Peter Bellars: Par for the Course
by John McGee

Peter Bellars, "Par for the
Course" logo golf
ball teed up for the first hole, kindergarten
(Images courtesy the artist)
Talk about a challenging school district. Most
people need at least three tries to pass junior high. High school is
worse and you can forget college—almost nobody gets in
through the
front door. Not even the visiting Asian mini-golf champ.

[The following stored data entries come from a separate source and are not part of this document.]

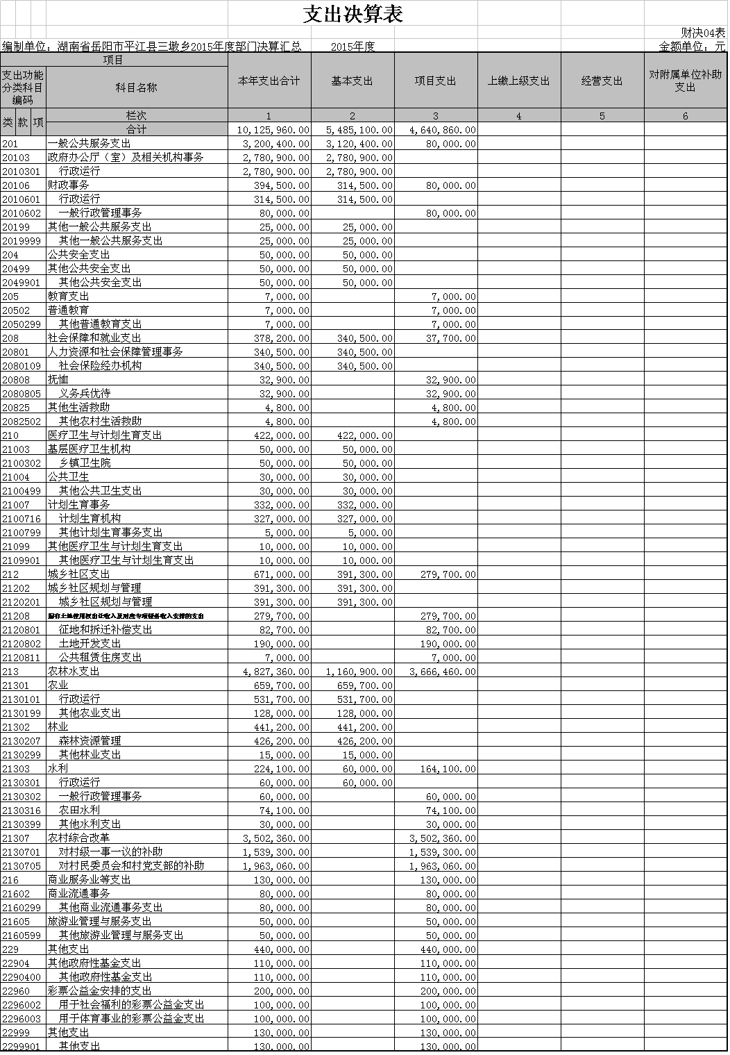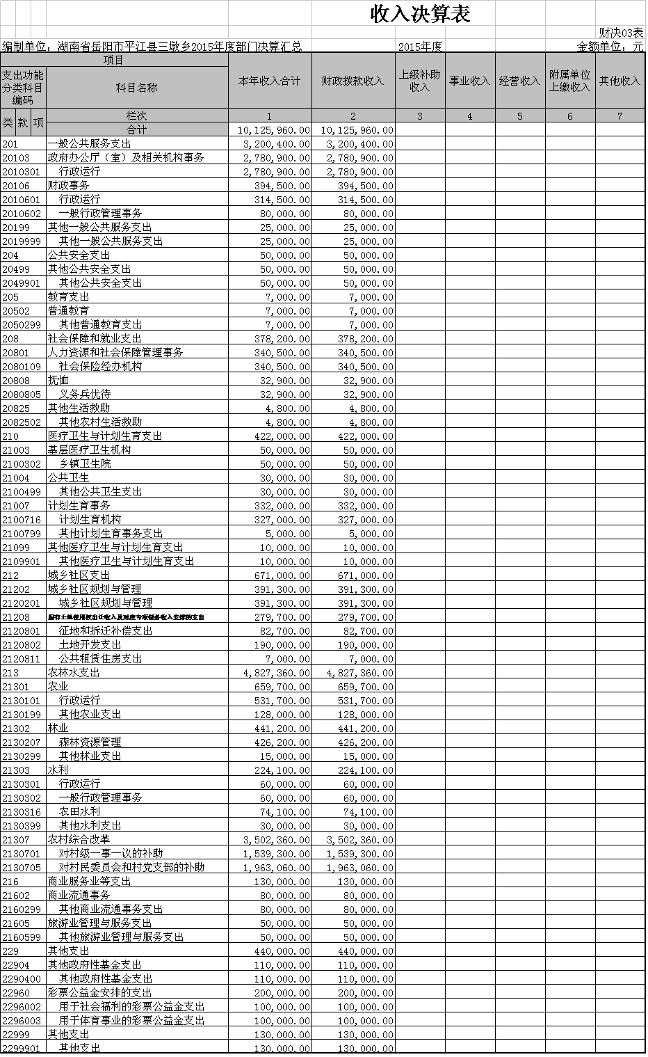 我单位共有在职干部职工64人,2015年全年经费预算数为592.14万元,决算数为1012.596万元,当年财政收支平衡。
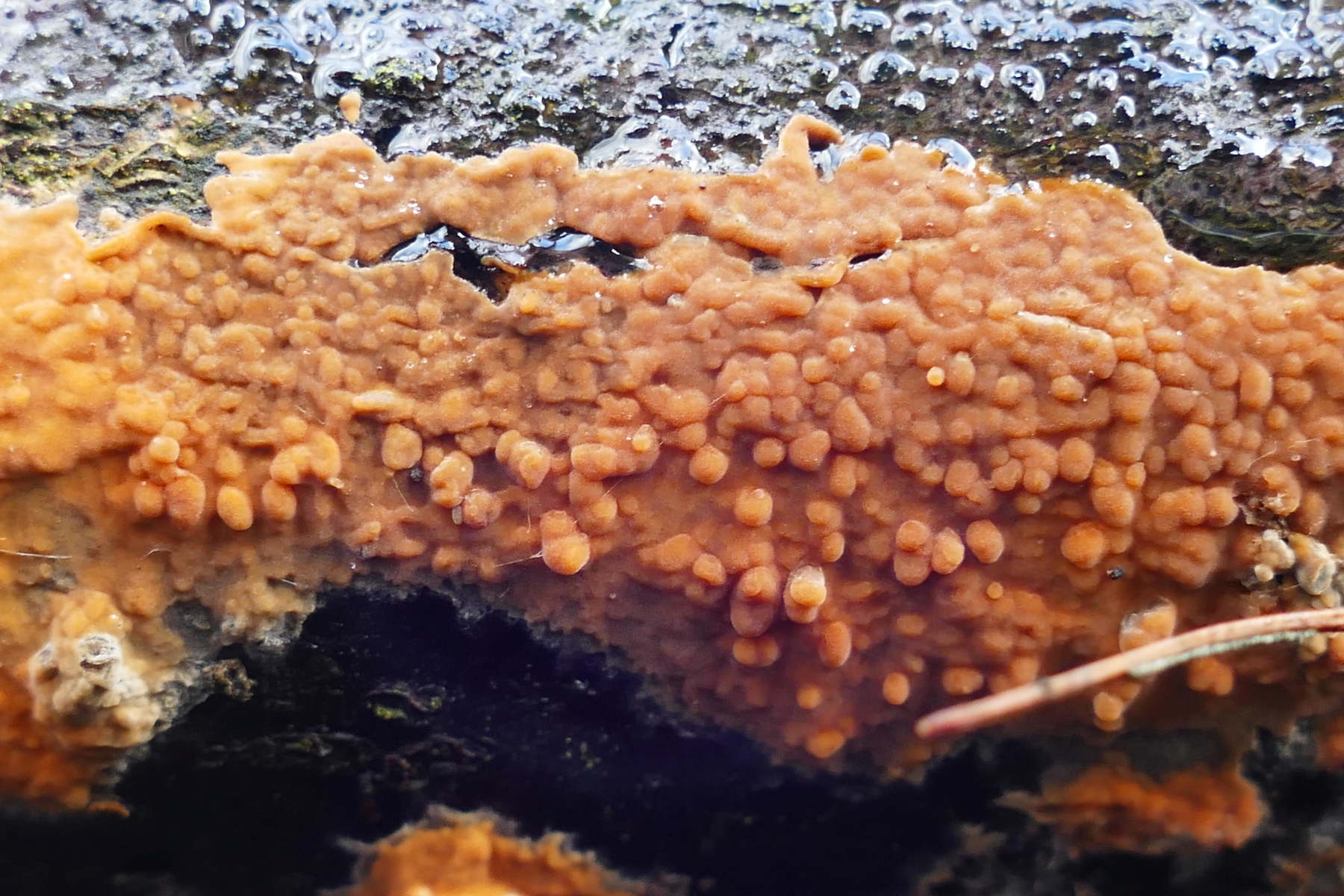 Aphyllophorales News - Holzpilze - Porlinge - Rindenpilze: Peniophora aurantiaca – Grünerlen-Zystidenrindenpilz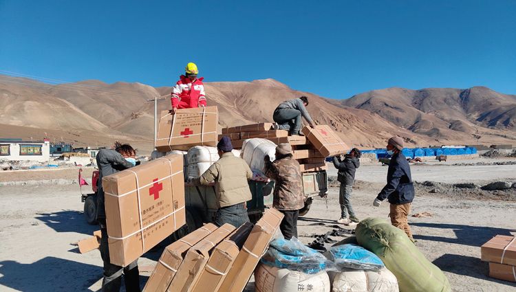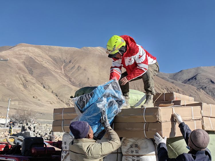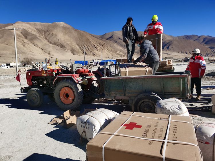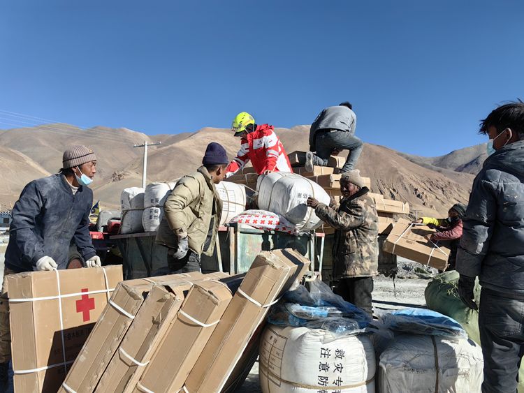1月8日,西藏日喀则市定日县长所乡强嘎村,村民们收到中国红十字会总会的救灾物资。据新华社消息,记者8日从中国红十字会总会获悉,根据西藏地震救灾工作需求,中国红十字会总会7日22时向西藏定日县地震灾区调拨第二批救灾物资,主要包括救灾棉帐篷、棉被、折叠床、赈济家庭包(箱)共计4300件(套),用于灾区受灾群众转移安置工作,增派赈济、大众卫生等3支红十字救援队伍50余名队员,携带供餐车、营地车、通讯指挥车等保障装备赶赴灾区开展救援救助工作。其中,红十字大众卫生救援队携带200套拼装式救灾卫生厕所,可用于解决紧急阶段1万余名受灾群众的卫生如厕需求。首批4600件(套)救灾物资已于8日凌晨1时起陆续运抵定日县、拉孜县,当地红十字会正在组织群众转移安置及物资发放工作。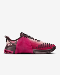 Whatever your "why" is for working out, the Metcon 9 makes it all worth it. We improved on the 8 with a larger Hyperlift plate and added a rubber rope wrap. This version has a flexible heel that collapses when you step in then snaps back into place. It helps make the shoe easy to put on and take off. More Benefits - Full rubber outsole provides durable traction for dynamic movements like cleans and walking lunges. - Breathable textile has a haptic print, which creates a 3-D effect that adds durability and texture, helping make it easier to keep your shoes clean. Also, it sports flexible, durable support in the toe area, so that when your toes splay when lifting heavy weights, it won’t feel restrictive. Product Details - Shown: Burgundy Crush/Rush Pink/Crimson Tint/Black - Style: FQ7221-600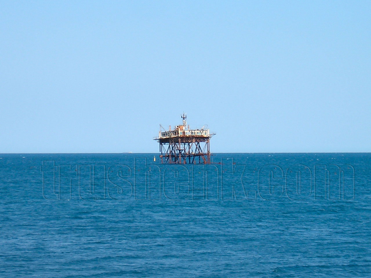 Нижняя часть уже демонтированной второй платформы до сих пор видно как торчащие из-под воды рыжие металлические конструкции.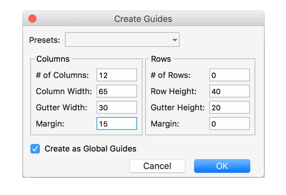Чтобы сэкономить время и не задавать вручную все направляющие для макета, создадим их автоматически: выбираем пункт меню Arrange → Grid and Guides → Create Guides. В появившемся окне задаём размеры.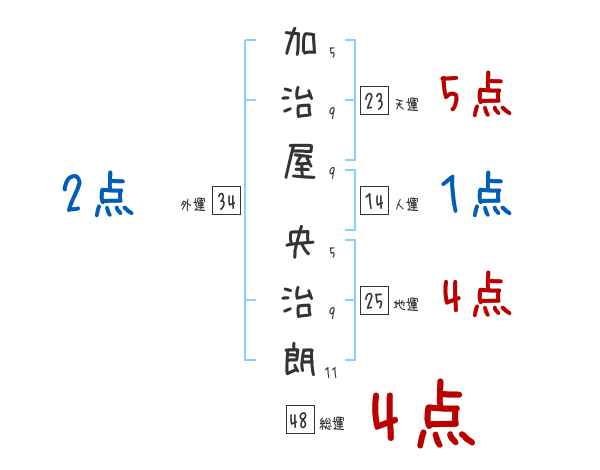 天運![]() | 加治屋央治朗さんの天運は23画の5つ星!想像力に優れ活力がある。一代で成功し名誉を手に入れる。 家系が持つ宿命的な運勢を表します。祖先から受け継いだ苗字ですので自分の力が及びません。家柄を象徴します。 |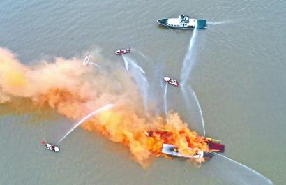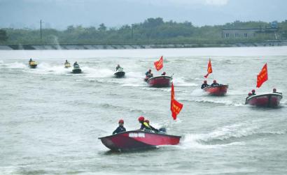 7月30日,由四川省消防援救总队主办、遂宁市消防救援支队承办的2020年度总队级抗洪应急演练在遂宁涪江拉开帷幕。成都、德阳、绵阳、南充、宜宾、广安、遂宁7支抗洪抢险突击队共400多人参与演练。本报记者 李向雨 摄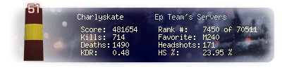 | Headshots | 139 | Suicides | 11 | Headshot / Kill | 25.27 % |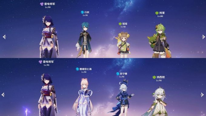 【高配】雷电将军+心海+芙宁娜+纳西妲。4C体系,全员皆为输出角色,且辅助能力相互搭配共同提升,以高配置换取更强的输出。

Peter Bellars' model of the Japanese education
system is an eight-hole miniature golf course. It's not so different
from what you'd find in suburban America, at the seaside in Bellars'
native England (where they call it "crazy golf") or on top of nearby
World Porters mall in Yokohama (the headquarters of the Japanese
professional sport bahn-golf). Bellars kept the slippery
slopes and octagonal greens. But rather than windmills and dragons, he
constructed simple, beige models of boxy school buildings on his blue,
artificial "fairways."
Pray hard at the jinja (in
front) so that
you'll
make it into daigaku (rear)
Even kids won't have trouble on the first hole, youchien
(kindergarten). The surface is flat and straight, and the only
obstacle—a broad, open shed-like building—has a
doorway wide enough to
drive a Tonka through.
But, like school, the game gets progressively harder. To pass through chugakko (junior
high), you first have to negotiate a narrow,
undulating ramp. Kotogakko
(high school) has a steep ziggurat slope
that requires a very straight putt. Getting into the front door of the
last hole, the Todai-inspired daigaku
(college), is pure luck.
Two special rules encourage players. Everyone gets
automatically "promoted" to the next hole if they can't get in after
six shots. And good performances on the juku and yobiko (cram
schools)
holes can lower your score.
Unlike students, players can relax on park benches
between the holes and watch videos. One is a five-minute documentary of
the only golf temple in the world, Zenshoji in Gunma. Duffers stop by
to make golf ball offerings to a stone relief of the "golf Kannon," a
Buddhist god with a full set of clubs spread like rays of light behind
him.
Cynical, sarcastic, ironic or just British,
Bellars uses his work to playfully satirize Japanese culture. "I play
with what I see but twist it slightly," says the artist. Bellars,
42, has lived in Japan for 16 years, giving him an outsider's inside
view of Japan.

Golf Kannon at Zenshoji temple
in Gunma
And as an English teacher at various local
universities, Bellars knows how the system handicaps prospective
students. The crazy golf he remembers as a kid, he says in his artist
statement, "required no real understanding of golf, no particular
talent, just masses of luck or skill gained from endless practice of
the particular obstacles on the course."
According to Bellars, Japanese
school entrance exams operate the same way. Students improve their
admission chances by practicing for one specific test, acquiring the
necessary information to pass by studying special guidebooks. This,
says Bellars, reflects the goal-oriented nature of the system. "Parents
are not interested in what kids learn but
in passing the test," he says. In Japan, as the artist points out,
playing the game is par for the course.
Bellars' insights about the Japanese education
system may not be novel, but his irreverent repackaging of it is
well-designed and keenly detailed (the logo is a modified Japanese
school zone sign—a boy and a girl in profile carry golf clubs
in
addition to their schoolbags). It's also fun, frustrating and free.
Bring the kids and the ole Billy Barrew.
_______________________________________
The Peter Bellars: Par for the Course exhibition
was held Sept-Oct 2002 at the
Yokohama Museum of Art, Art Gallery in Yokohama, Japan.